Ya'nî esmâ, Zât’a delâleti i'tibâriyle (işaret etmesi bakımından) ve zâtın dahî ahadiyyeti (salt, sırf, tekliği) haysiyyetiyle (bakımından), müsemmânın (isimlenenin (birimin) aynıdır ve müsemmâ (isimlenen (birim) ancak hüviyyet-i Hakk'ın (hakk’ın zatının) aynıdır. Ve esmâ, kendilerinin muktezayâtından (gereklerinden) olan hakâyık-ı kevniyyenin (kevni hakikatlerin, ‘ilmi suretlerin’) zuhûrunu (açığa çıkmasını) ister ki, bu hakâyık (hakikâtler, manalar) esmâ hazînelerinde (esmanın kendi istidatlarında) bi'l-kuvve (potansiyel güç olarak) mevcûddur ve halbuki esmânın zuhûrunu (açığa çıkmasını) istediği hakâyık (hakikatler, manalar), âlemden başka bir şey değildir. Çünkü ma'nâ sûretsiz (şekilsiz) zâhir olmaz (görülmez). Binâenaleyh (nitekim) ulûhiyyet (Allah) me'lûh (kul, ‘esma ve sıfatları’) ve rubûbiyyet (rablık ‘esma’) dahi merbûb (kul, ‘terkibiyet’) ister. Ve aksi halde ulûhiyyet (teklik mertebesi) ve rubûbiyyet (rablık) (esma mertebesi) için ayn (açığa çıkmak, aşıkâr olmak) sâbit olmaz. Bunların vücûden (vücut olarak) ve takdîren (takdir ederek),  ya'nî aynen (birimin kendisi olarak) ve zihnen (zihinsel olarak) sübûtu, (çıkışı) ancâk me'lûh (kul, ‘esma ve manalar’) ve merbûb (kul, ‘terkibiyet’) ile olur. Ve Hak Teâlâ min-haysü'z-zât (Zat’ı bakımından) âlemlerden ganî (zengin) ise de, bu hükm-i gınâ, (zenginlik hükmü) rubûbiyyet (rablık,’ esma’) için sâbit (mevcut) değildir. Zîrâ zât-ı ahadiyyette (Zat mertebesine) isim ve resim ve na't (nitelik) ve sıfat yoktur. Fakat rubûbiyyet, (rablık, ‘esma mertebesi’) mütehakkık olmak (gerçekleşmek, meydana çıkmak) için bir mazhar (görüneceği bir mahal) ister ki, o da âlemdir (evrendir). Binâenaleyh (nitekim) âlemlerden ganî (zengin) değildir. Bu sûrette emr (hususlar, işler), bu iki şey arasında bâkî kaldı. Ya'nî Hak, zâtı haysiyyetiyle (bakımından) âlemlerden ve esmâdan ganîdir (zengindir); velâkin rubûbiyyet haysiyyetiyle (rablığı (esması bakımından) değildir. Ve rubûbiyyet ise hakîkatte ve ittisâfda (sıfatlarda), âlemlerden ganî (zengin) olan  bu zâtın aynından (kendisinden) gayri (başka) değildir. Çünkü rubûbiyyet dahi, zâtın aynı olan bir nisbettir. (niteliktir, vasıftır) Şu halde Rab (esma) nisbet (sıfatlar, özellikler) i'tibâriyle (bakımından) zâtın aynıdır; ve zât, sıfat-ı rubûbiyyet (rububiyet sıfatı, esmaların özellikleri) ile zâhir olur. (açığa çıkar, görülür)

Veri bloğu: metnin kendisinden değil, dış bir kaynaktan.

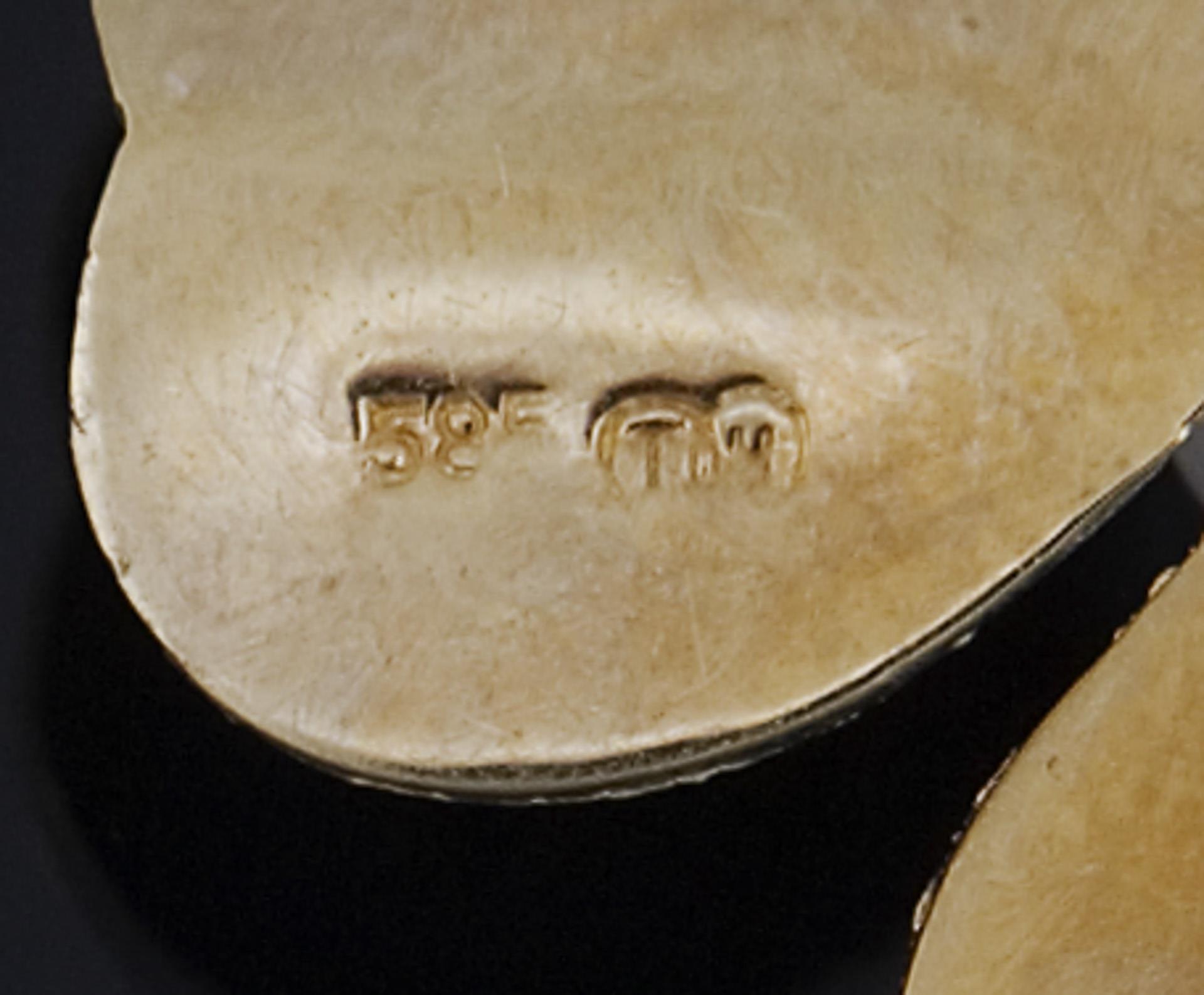Engraved four-leafed shape, hallmarks: Fineness, jeweler's mark.
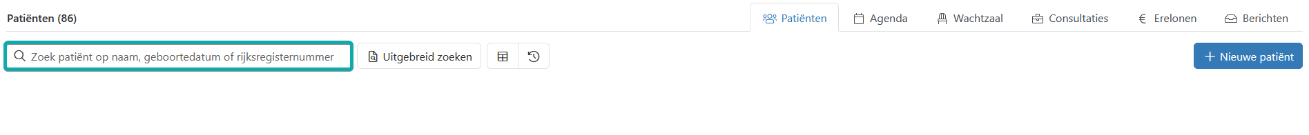 U kan een patiënt via de zoekbalk opzoeken door de naam, de geboortedatum of het rijksregisternummer in te geven:

İmdi vaktâki emr, hükm-i niseb sebebiyle müteârız oldu, ibâdı üzerine şefkatten, Hakk'ın kendi nefsini, onunla vasf eylediği şey, haberde vârid oldu (4).

Ya'nî Hak min-haysü'z-zât (zatı bakımından) ganîdir, (zengindir) min-haysü'l-esmâ ve's-sıfât (esma ve sıfatları bakımından) ise değildir; ve esmâ ise zât-ı ahadiyyetin (mutlak zatın) nisbetleridir. (özellikleridir, nitelikleridir) Binâenaleyh (nitekim) gınâ (zenginlik) ile  iftikar (fakirlik) birbirine müteârız (zıt) olan iki emirdir; (husustur) ve kezâ (böylece) niseb-i zâtiyye (zatın sıfatlarından, özelliklerinden) olan esmâ dahi, Dârr (bela, sıkıntı) ve Nâfi' (hayır, fayda) gibi, yekdîğerine (birbirlerine) mütekâbil (karşı) ve müteârızdır. (zıttır) İşte nisbetlerin (sıfatların) hükmü böyle müteârız, (zıt) olunca, Hak Kur'ân-ı Kerîm'de (Bakara, 21207) kavliyle (sözleriyle) ibâdı  üzerine (kulları hakkında) şefkati, kendi nefsine isnâd etti; (atfetti, dayandırdı) ve Hakk'ın kullarına şefkati onlar hakkında rahmetidir. Halbuki ibâdın (kulların) her birisi bir ismin mazharı (göründüğü, açığa çıktığı mahal) olup, o ismin ahkâmını (hükümlerini) ızhâr eder; (açığa çırarır) ve kemâlât-ı esmâ, (esmaların mükemmellikleri) onların vücûdiyle zâhir olur. (açığa çıkar, görünür) Binaenaleyh (nitekim) Hakk'ın kullarına olan rahmeti, kendi esmâsına olan rahmetidir.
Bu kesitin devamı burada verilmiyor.